==== Supplied data ====

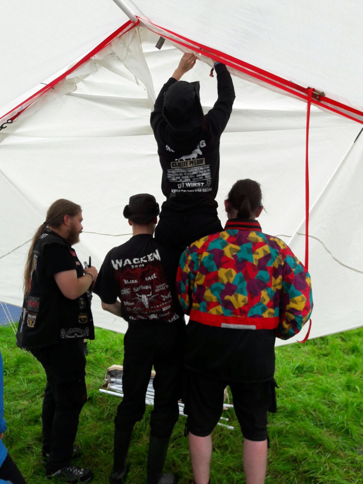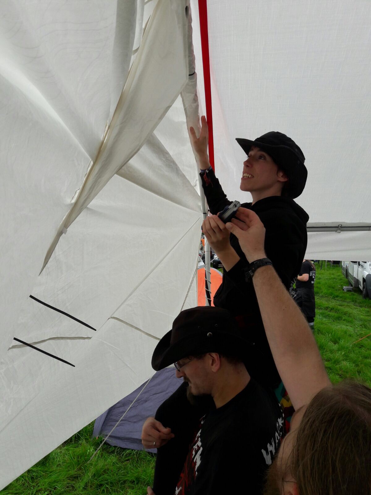 Das erste Pavilion ist Schrott. Ein großes haben wir aber noch. Die Decke vom kaputten haben wir einfach als Seitenteil umfunktioniert. Ich durfte Höhenluft schnuppern.
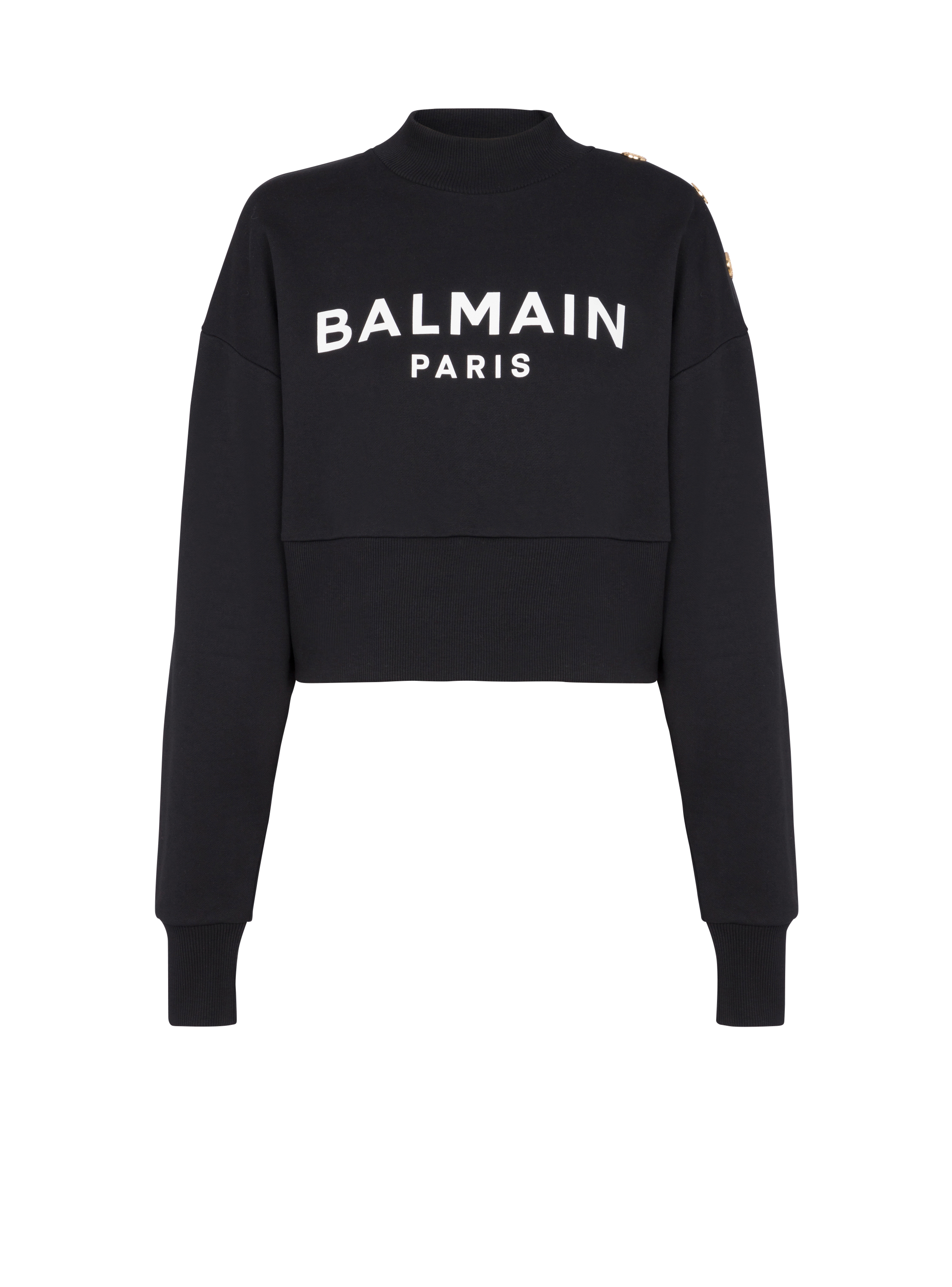 Eco responsible cotton cropped sweatshirt with Balmain logo print Very well made.
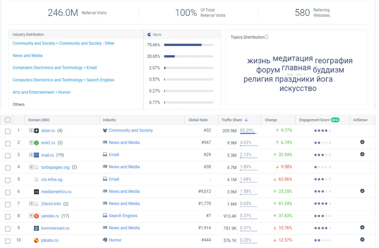 Например, другие российские сайты, такие как "yandex.ru" и "dzen.ru" вообще работают исключительно в интересах тоталитарного режима. Например, "Дзен" за полгода (май – октябрь), согласно данным платформы SimilarWeb, стал главным источником реферального трафика для сайтов "РИА Новости" и "Lenta.ru". Так, первый сайт получил 209,9 миллиона обращений, что составило 85,3% всего его реферального трафика.
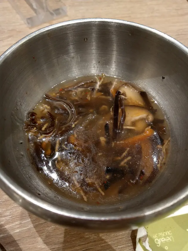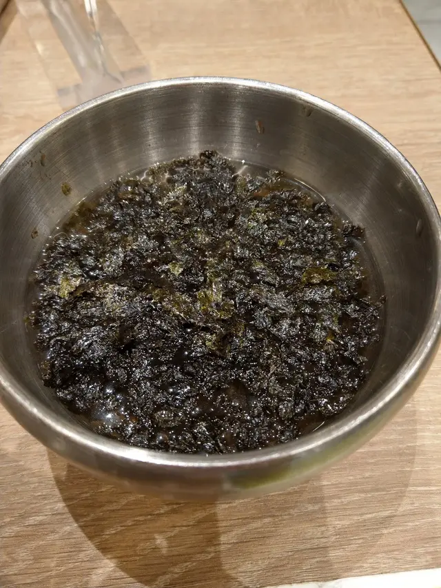 煮好了後,朋友才加入杏仁碎、紫菜和飯素。
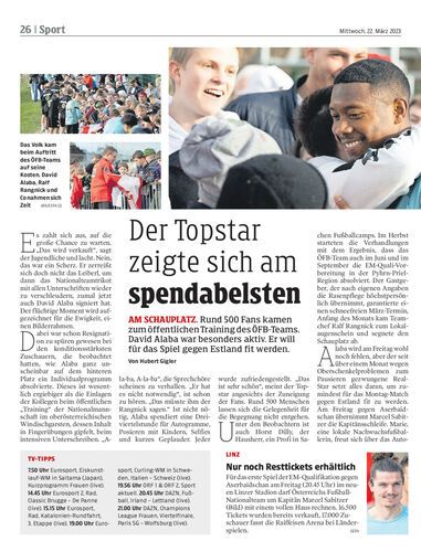 Am Schauplatz. Rund 500 Fans kamen zum öffentlichen Training des ÖFB-Teams. David Alaba war besonders aktiv. Er will für das Spiel gegen Estland fit werden. Von Hubert Gigler
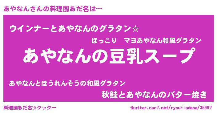 | ポケモン風あだ名 | 『ヒアヤナン』『アヤナダネ』 |
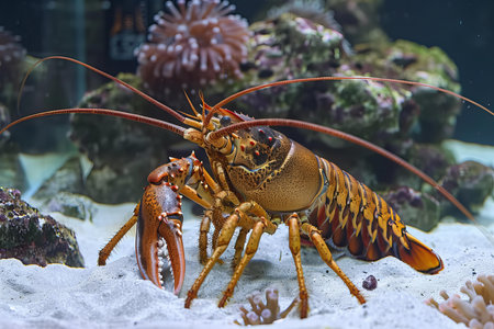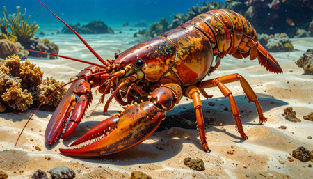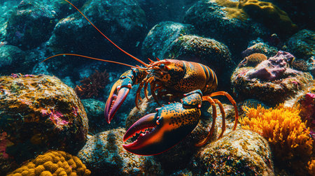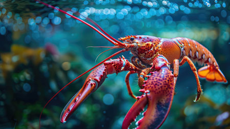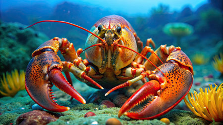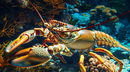 A stunning close-up image of a lobster intricately detailed against a backdrop of colorful marine plants, capturing the beauty of ocean life and exploration.

====

● Task directions
What you need to copy is the run of lines from the one holding "Например, другие российские" through the end of the data, exactly and only, both ends included, pictures omitted.

● Expected output
 Например, другие российские сайты, такие как "yandex.ru" и "dzen.ru" вообще работают исключительно в интересах тоталитарного режима. Например, "Дзен" за полгода (май – октябрь), согласно данным платформы SimilarWeb, стал главным источником реферального трафика для сайтов "РИА Новости" и "Lenta.ru". Так, первый сайт получил 209,9 миллиона обращений, что составило 85,3% всего его реферального трафика.
 煮好了後,朋友才加入杏仁碎、紫菜和飯素。
 Am Schauplatz. Rund 500 Fans kamen zum öffentlichen Training des ÖFB-Teams. David Alaba war besonders aktiv. Er will für das Spiel gegen Estland fit werden. Von Hubert Gigler
 | ポケモン風あだ名 | 『ヒアヤナン』『アヤナダネ』 |
 A stunning close-up image of a lobster intricately detailed against a backdrop of colorful marine plants, capturing the beauty of ocean life and exploration.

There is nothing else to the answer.